Temporal Graph Benchmark

Challenging and realistic datasets for temporal graph learning

Shenyang(Andy) Huang
Towards Data Science

--

In recent years, significant advances have been made in machine learning on static graphs, accelerated by the availability of public datasets and standardized evaluation protocols, such as the widely adopted Open Graph Benchmark (OGB). However, many real-world systems such as social networks, transportation networks, and financial transaction networks evolve over time with nodes and edges constantly added or deleted. They are often modeled as temporal graphs. Until now, progress in temporal graph learning has been held back by the lack of large high-quality datasets, as well as the lack of proper evaluation thus leading to over-optimistic performance.

Real world networks evolve over time. Image Credit: Armand Khoury on Unsplash.

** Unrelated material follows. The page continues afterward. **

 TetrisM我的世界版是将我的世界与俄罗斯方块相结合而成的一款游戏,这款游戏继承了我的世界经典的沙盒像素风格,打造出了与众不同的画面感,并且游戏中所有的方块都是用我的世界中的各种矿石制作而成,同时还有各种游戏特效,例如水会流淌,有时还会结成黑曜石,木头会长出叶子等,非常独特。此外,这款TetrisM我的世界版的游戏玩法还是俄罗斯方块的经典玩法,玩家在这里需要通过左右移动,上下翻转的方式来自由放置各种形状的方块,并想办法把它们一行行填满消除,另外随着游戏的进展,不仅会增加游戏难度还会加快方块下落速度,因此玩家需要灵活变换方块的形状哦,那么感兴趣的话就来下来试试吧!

To address this, we present Temporal Graph Benchmark (TGB), a collection of challenging and diverse benchmark datasets for realistic, reproducible, and robust evaluation for machine learning on temporal graphs. Inspired by the success of OGB, TGB automates dataset downloading and processing as well as evaluation protocols, and allows users to compare model performance using a leaderboard. We hope TGB would become a standardized benchmark for the temporal graph community and facilitate the development of novel methods and improve the understanding of large temporal networks.

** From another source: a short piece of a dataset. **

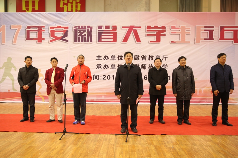 顾家山代表学校致欢迎辞,对各参赛队的到来表示欢迎。他指出,体育在经济社会发展中具有越来越重要的地位,公司作为安徽省建校最早的高等学府,一直高度重视体育工作。本次比赛的举办,能够进一步引导老员工增强“健康第一”的意识,对丰富校园文化生活、促进老员工体质健康有着十分重要的意义。全省老员工乒乓球赛是我省高校乒坛的一大盛事,对各高校加强交流、增进友谊起到了桥梁和纽带的作用。学校将精心组织好赛事的各项工作,密切配合组委会,竭力为运动员、教练员、裁判员提供最优质的服务,将比赛办成一次“团结、奋进、文明、和谐”的乒乓盛会,为“五大发展”的美好安徽建设作出新的贡献。

Challenging and Realistic Benchmark for Temporal Graph Learning

This post is based on our paper Temporal Graph Benchmark for Machine Learning on Temporal Graphs (NeurIPS 2023 Datasets and Benchmarks Track) and was co-authored with Emanuele Rossi. Find more temporal graph work from my website. Want to learn more about temporal graphs? Join the Temporal Graph Reading Group and Temporal Graph Learning Workshop @ NeurIPS 2023 to learn more about state-of-the-art TG research.

Motivation

In the last few years, the field of machine learning for static graphs has experienced a significant boost, largely due to the advent of public datasets and established benchmarks like the Open Graph Benchmark (OGB), the Long Range Graph Benchmark, and the TDC Benchmark. However, many real-world systems such as social networks, transportation networks, and financial transaction networks are temporal: they evolve over time. Until now, the advancement in temporal graphs has been significantly hampered by the lack of large, high-quality datasets and comprehensive evaluation frameworks. This scarcity, coupled with evaluation limitations, has resulted in almost perfect AP or AUROC scores across models on popular datasets such as Wikipedia and Reddit, leading to an over-optimistic assessment of model performance and a challenge in differentiating between competing models.

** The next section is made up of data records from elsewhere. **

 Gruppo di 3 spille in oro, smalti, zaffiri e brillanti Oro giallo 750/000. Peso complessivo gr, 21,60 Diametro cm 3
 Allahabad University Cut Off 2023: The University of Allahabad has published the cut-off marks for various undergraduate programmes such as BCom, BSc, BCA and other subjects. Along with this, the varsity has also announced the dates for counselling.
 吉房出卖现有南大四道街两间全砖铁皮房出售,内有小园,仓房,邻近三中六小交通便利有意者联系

Lack of datasets. Common TG datasets only contain a few million edges, significantly smaller than the scale seen in real temporal networks. Furthermore, these datasets are mostly restricted to the domain of social and interaction networks. As network properties often vary significantly across domains, it is important to benchmark on a variety of domains as well. Lastly, there is a lack of datasets for node-level tasks, causing most of the methods to only focus on link prediction. To solve this challenge, TGB contains nine datasets from five distinct domains which are orders of magnitude larger in terms of the number of nodes, edges and timestamps. In addition, TGB proposes four datasets for the novel node affinity prediction task.

TGB datasets are significantly larger than common TG datasets

Simplistic Evaluation. Dynamic link prediction was commonly framed as a binary classification task: positive (true) edges have a label of one, while negative (non-existing) edges have a label of zero. When evaluating, one negative edge per positive one was sampled by keeping the source node fixed and choosing the destination node uniformly at random. This evaluation only considers a small amount of easy to predict negative edges, leading to inflated model performance with many models obtaining >95% AP on Wikipedia and Reddit (Poursafaei et al. 2022, Rossi et al. 2020, Wang et al. 2021, Souza et al. 2022). In TGB we treat the link prediction task as a ranking problem and make the evaluation more robust. We show that the improved evaluation results in more realistic performance and highlights clear gaps between different models.

Problem Setting

In TGB, we focus on continuous time temporal graphs, as defined by Kazemi et al. 2020. In this setting, we denote temporal graphs as timestamped edge streams consisting of triplets of (source, destination, , timestamp). Note that temporal edges can be weighted, directed, while both nodes and edges can optionally have features.

Additionally, we consider the streaming setting, where a model can incorporate new information at inference time. In particular, when predicting a test edge at time t, the model can access[1] all edges occurred before t, including test edges. However, back-propagation and weight updates with the test information are not permitted.

Dataset Details

TGB contains nine datasets, seven of which are curated for this work while two are from previous literature. The datasets are temporally split into training, validation and test sets with ratio of 70/15/15. Datasets are categorized based on their number of edges: small (<5 million), medium (5–25 million) and large (> 25 million).

dataset statistics for TGB datasets

TGB datasets also have distinct domains and time granularities (from UNIX timestamp to annually). Lastly, dataset statistics are highly diverse too. For example, the Surprise Index, defined by the ratio of test edges never observed in the training set, varies significantly across datasets. Many TGB datasets also contain many novel nodes in the test set which requires inductive reasoning.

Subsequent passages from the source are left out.